The same Romanian section of the sourcebook also definitively establishes the Ploesti complex as the source of the oil that fueled the U.S. 5th Infantry Division's funeral pyre:

Quote:
With the strategic exchanges of late 1997, the Ploesti oil fields of Romania were the subject of some nuclear strikes, but for reasons not completely understood, the refineries and oil production facilities were not completely destroyed and were beginning to become operational again by mid-2000. By the fall, these fields had produced enough petroleum to fuel a last Soviet counteroffensive in Europe (the one referred to in the basic game which destroyed the U.S. 5th Mechanized Infantry Division), which brought the active phase of the war to a messy conclusion.
This section also gives us a cursory 1e TO&E for Soviet forces in Romania, which are also noted as "the last units in Europe still loyal to Moscow." I haven't checked to see how well this lines up with the Soviet Vehicle Guide's divisional phone book.

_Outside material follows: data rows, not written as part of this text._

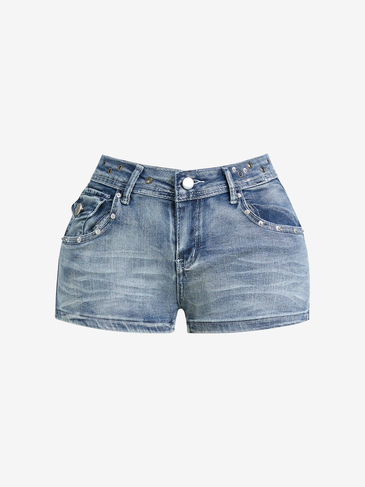 Washed-Out Aged Denim Shorts
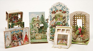 7 Teile Glückwunschkarten, 1860 – 1900, dazu 1 kl. Kalender als Fächer, ausgefallen
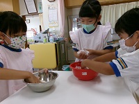 司会や進行、誕生月の友達へのインタビューなど、ドキドキしながらも子どもたち自身で進めていくことができるようになってきました。誕生表のロケットを打ち上げたら、今月のおたのしみ「お団子パーティー」の準備に取り掛かります。
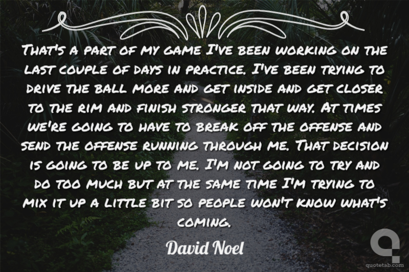 That's a part of my game I've been working on the last couple of days in practice. I've been trying to drive the ball more and get inside and get closer to the rim and finish stronger that way. At times we're going to have to break off the offense and send the offense running through me. That decision is going to be up to me. I'm not going to try and do too much but at the same time I'm trying to mix it up a little bit so people won't know what's coming.

Notably, the Romania stop on the mission is the ostensible purpose of the entire cruise: extracting a DIA operative in exchange for arms, equipment, and official (Mil)governmental recognition of a Romanian partisan leader as Romania's legitimate head of state. It's also where the PCs and their bubblehead retinue learn that they're in the second module of a trilogy.

This material is still skeletal and fragmentary, but it's possible to draw some inferences from it with regards to the current status of Romania - and what remaining American/NATO forces there might be up to. It's also an opportunity to provide a much better reason for the Joint Chiefs to hazard their only remaining fast attack boat than retrieving one lone DIA asset. (This is, by the way, a prime example of what I mean by finding a rational, internally-consistent explanation for an aspect of canon that makes no sense on its face.)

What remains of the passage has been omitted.